The transit plan would deliver just that, he said.

Regional improvements in the plan, including three lines of light rail in Surrey and a subway along a portion of Broadway in Vancouver, would also help SFU students move between the university’s Burnaby, Vancouver and Surrey campuses in the long term.

“I think it’s very much a community issue but one that the university has a particular perspective on,” Petter said.

With the mail-in vote coming up between March 16 and May 29, Petter said his office will work with the student association to get as many students out to vote as possible. 

“We certainly won’t be telling students how to vote,” he said. “We’ll be giving them the information … Students are the ones who have the most stake in the future.  They have an immediate interest in this issue because they’re the ones spending time sitting on a bus instead of in the classroom or in the library or out in the community doing exciting things.”

Asked if he would like to have seen more support for the transit plan from Burnaby Mayor Derek Corrigan, who voted against it, Petter said he would leave the local mayor to defend his own position.
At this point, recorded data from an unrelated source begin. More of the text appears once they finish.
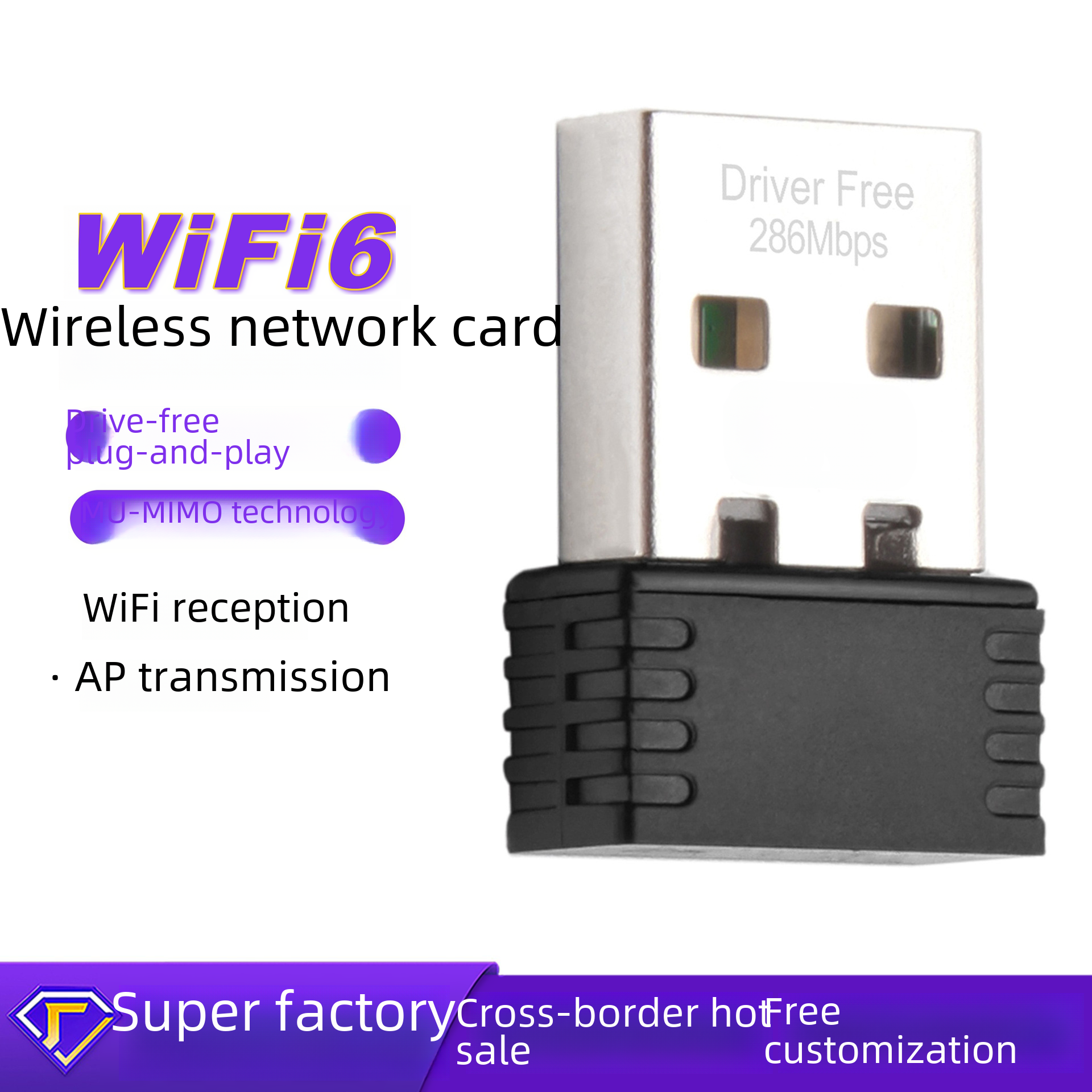 | nameOriginal | WiFi6 drive-free USB wireless network card desktop computer 300m Mini Wireless WiFi receiver transmitter |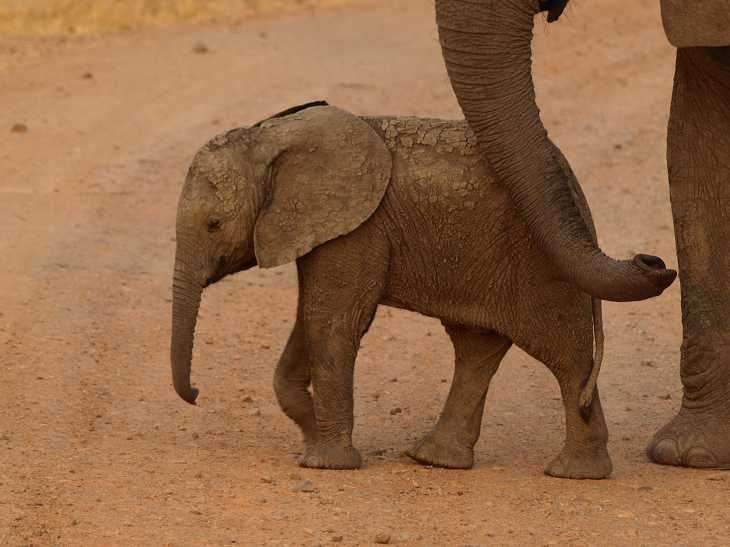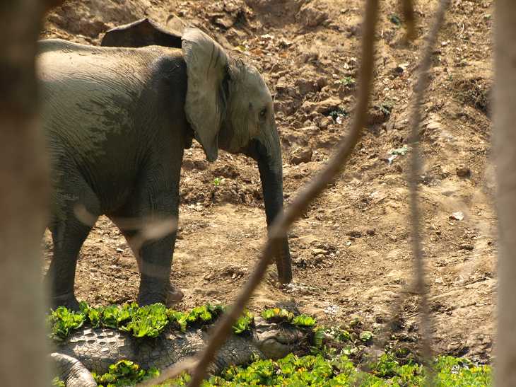 | die unheimliche Begegnung passiert am Nsefu Lodge Wasserloch | ein junger Elefant trinkt am Wasserloch und kommt einem gut getarntem Croc näher |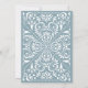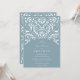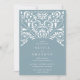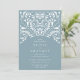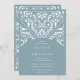 Elegantes convites para casamentos vintage em azul empoeirado com um toque de ornamentado aqua detalhando que evoca o aspecto do papel cortado em estilo papel picado.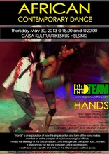 "Hands" is a collaborative piece that has been jointly developed by dancers and choreographers from Madagascar, Tanzania and Kenya. Each of there dancers are uniquely inclined to their artistic specialties which are varied from African contemporary dance, Modern dance and Street dance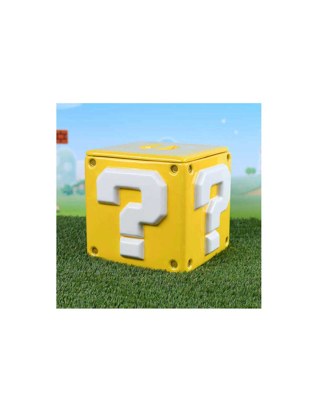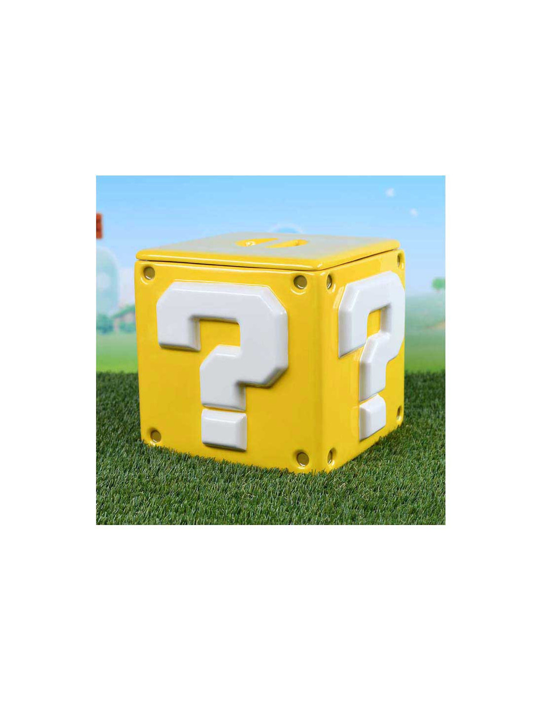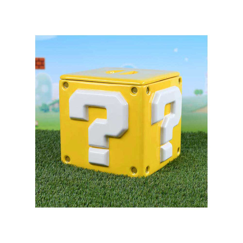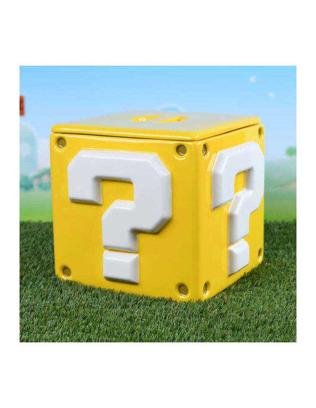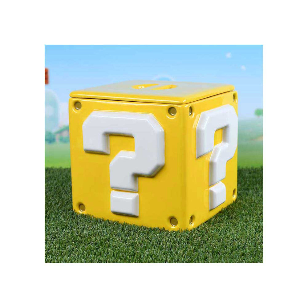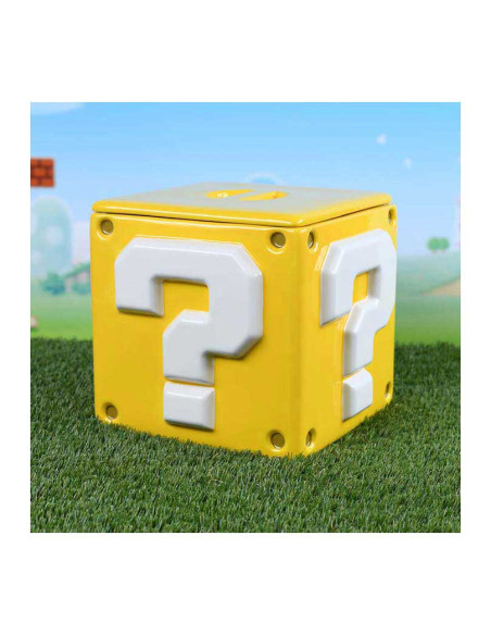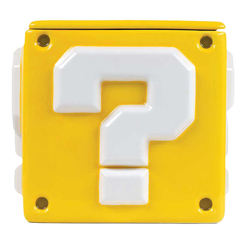 Deze keramische Super Mario koektrommel heeft de vorm van het iconische vraagtekenblok en meet ongeveer 15,9 x 15,9 x 14,3 cm. Het deksel sluit stevig af om de inhoud vers te houden. Een officieel gelicentieerd Nintendo-product van Pyramid International.

“I said what I think is the best position for our students and for the university and for the community,” Petter said, “and I fully expect that many other people will disagree with that, although I hope everyone acquaints themselves with the issues … I think it is very much about the future of the community. The question for me is, are we going to shape the future of the community or are we going to let circumstances tells us the kind of community we have, and those circumstances will be more congestion, more chaos, more traffic, less access to universities.”